The nerves leading from the muscles to the brain sometimes amplify pain signals to make sure the brain gets the message. “Fast” pain fibers in a large nerve enter the base of the brain from the face. Nerves that transmit information about temperature enter the brain at the same place, and the outgoing cranial nerves VII, IX, and X leave the brain in this region.

These cranial nerves control the front of the face, the sides of the face, and the lower digestive tract. Sims and Stack believe that if these nerves are compressed together, they may engage in cross talk, similar to a short circuit, transferring nerve impulses from one to another, partially bypassing the higher control centers of the brain. The stronger the nerve impulse, the harder it is for the higher levels of the brain — which are the usual targets of drug treatments — to intervene and stop the tic.
Dr. Sims and Dr. Stack treat Tourette Syndrome by relieving the physical pressure on the nerves entering the base of the brain so there is less cross talk. They have developed a plastic dental appliance they call a neurocranial vertical distractor, which “distracts” the fibers entering the base of the brain from the cross talk of neighboring nerves.

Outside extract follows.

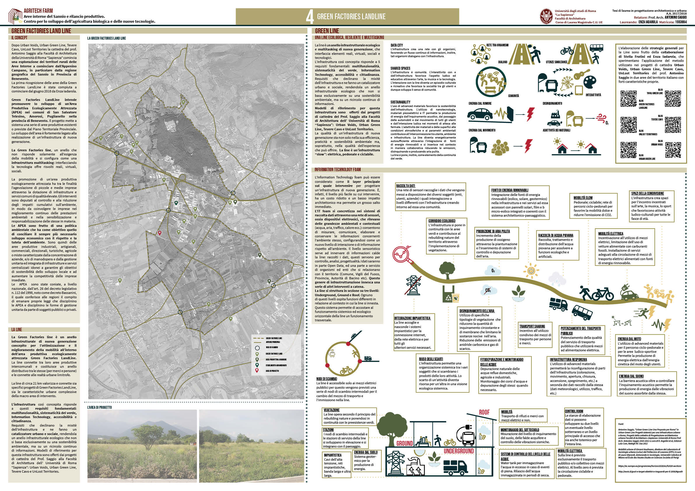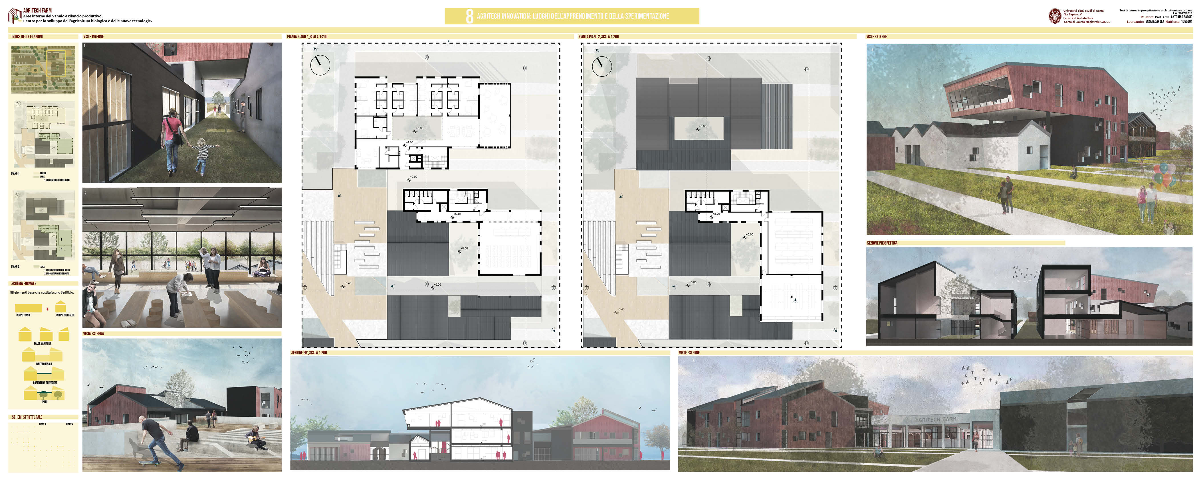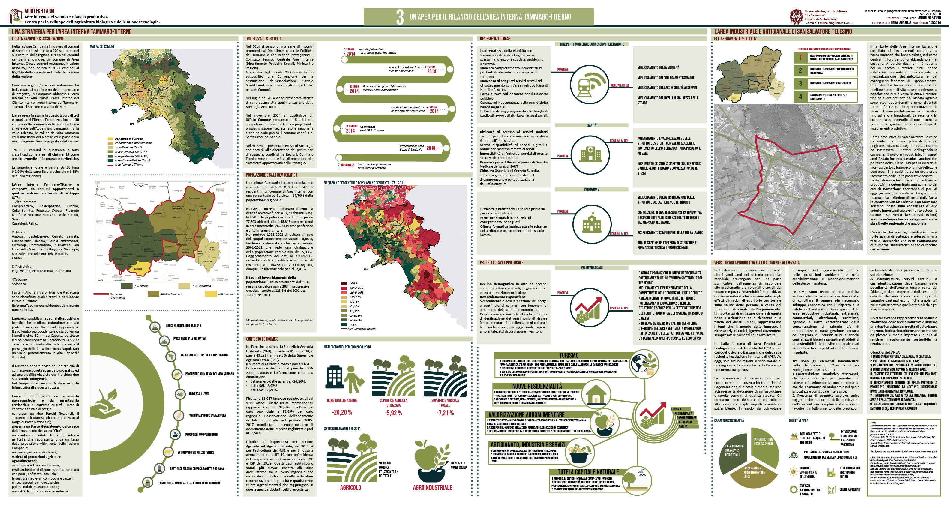 Questi fenomeni sono tipici anche delle aree del Sannio prese in esame che presentano queste caratteristiche oltre ad un deciso invecchiamento delle popolazioni. In queste aree sono presenti anche zone industriali, finanziate da precedenti programmi di intervento nel Meridione di'Italia, che sono spesso inuutilizzate e abbandonate.Il progetto si focalizza nell'area Tammaro-Titerno e include 30 comuni della provincia di Benevento. L’area si estende sull’Appennino campano, tra la Valle Telesina, le colline dell’alto Tammaro ed il massiccio del Matese ed è parte, appunto, della macro regione storico-geogrfica del Sannio. Il progetto si focalizza in particolare sull'area di San Salvatore-Telesino che presenta questi fenomeni insieme alla presenza di strutture produttive abbandonate. Mutuando la strategia da altri progetti di cattedra, il progetto di Enza iadarola si propone innanzitutto un'azione infrastrutturale convinti che il recupero di queste aree debba passare con operazioni in tal senso. Si propone pertanto una "Green Factories Line" che è un anello infrastrutturale di nuova generazione concepito per l’ottimizzazione e il miglioramento della mobilità all’interno dell’area produttiva ecologicamente attrezzata e quale infrastruttura di altre operazioni di avanzamento tecnologico e paesaggistico. La line connette tra loro aree produttive intercomunali e costituisce un anello distributivo tra le stesse (per merci e persone) e le connette alle realtà urbane limitrofe. All'interno della Line si individuano diverse aree potenziali oggetto di intervento, tra cui quella che ospiterà il progetto Agritech Farm in articolare è un Centro per lo sviluppo e la diffusione dell’agricoltura biologica e del suo rapporto con le nuove tecnologie per una produzione sostenibile, innovativa e sociale. All'interno di un disegno di suolo agricolo e produttivo in Agritech Farm si inseriscono pertanto una serie di edifici tra loro integrati, ma anche edificabili in fasi successive. Il progetto si articola attorno a funzioni produttive legate all'incontro, all'educazione e allo scambio caratterizzate da un mercato aperto e scoperto ed è risolto con una architettura ad andamento ortogonale che si inserisce nel disegno di suolo circostante e che trova in alcuni momenti di connessione e di svuotamente delle masse gli episodi spaziali più caratteristici.

Fitting over the lower teeth, it holds the lower jaw in place so there is less pressure on the base of the brain. Wearing this appliance 24 hours a day reduces symptoms of Tourette disease in adults, as you can see on YouTube. When the proper spacing of the jaws is determined, these dentists report, all tics cease immediately.

Even more promising, however, is the possibility of using this dental appliance in treating younger children who are just beginning to have symptoms of Tourette. The first symptom of Tourette’s usually appears at the age of five, about the same time the skull grows tight over the area where the nerves involved in tics enter and exit the brain. The first tics usually involve the eyes.

Let me go on to say that, similar to the controversy over Brain Balance — a $6,000 program that promises to alleviate tics and other symptoms based on rewiring the brain through diet and specifically targeted exercises — there is a lot to be skeptical about when it comes to Dr. Sims and Dr. Stack.

There’s not enough substantiated evidence that this works!” people say. “So what if some people say it works. These guys could be quacks!”

My response to these doubts is the same I give about Brain Balance, “Western Medical doctors are quick to hand out pills to kids to dull their brains and their tics, and those sometimes don’t work. In fact, no doctor even knows why a kid develops TS, so why is their pill more valid than an alternative treatment?...

So that’s my question to you all: Would you take a chance on something if you weren’t 100 percent sure why it worked but it worked? And it was noninvasive?

My husband wouldn’t. We are night and day on this issue. While I admit I want “a cure” as much for me as my son (who really could care less) it seems nuts to my darling mate. I think often about my experience with my chiropractic kinesiologist: Rex had no idea how Dr. Carroll could place some vials on my kid’s chest and tell me what he was allergic to. But by golly, one traumatic and expensive blood test trip to the doctor confirmed the exact same results.

Search YouTube under "tourette stack".  There are numerous videos available.

1 comment:

  1. My response to the parent who first informed me of this treatment: The neurocranial vertical distractor treatment seems to work in Vienna, Virginia. Funny, after all these years such a remarkably successful treatment is not being used by everyone. Dr. Stack and Dr. Sims wrote a paper on this in 2010, but neither has added anything to the medical literature since that time. This, I suspect is one of many alternative approaches to tic treatment that produce amazing videos and have testimonials galore. If they are, indeed, so good and effective, why is everyone not using them?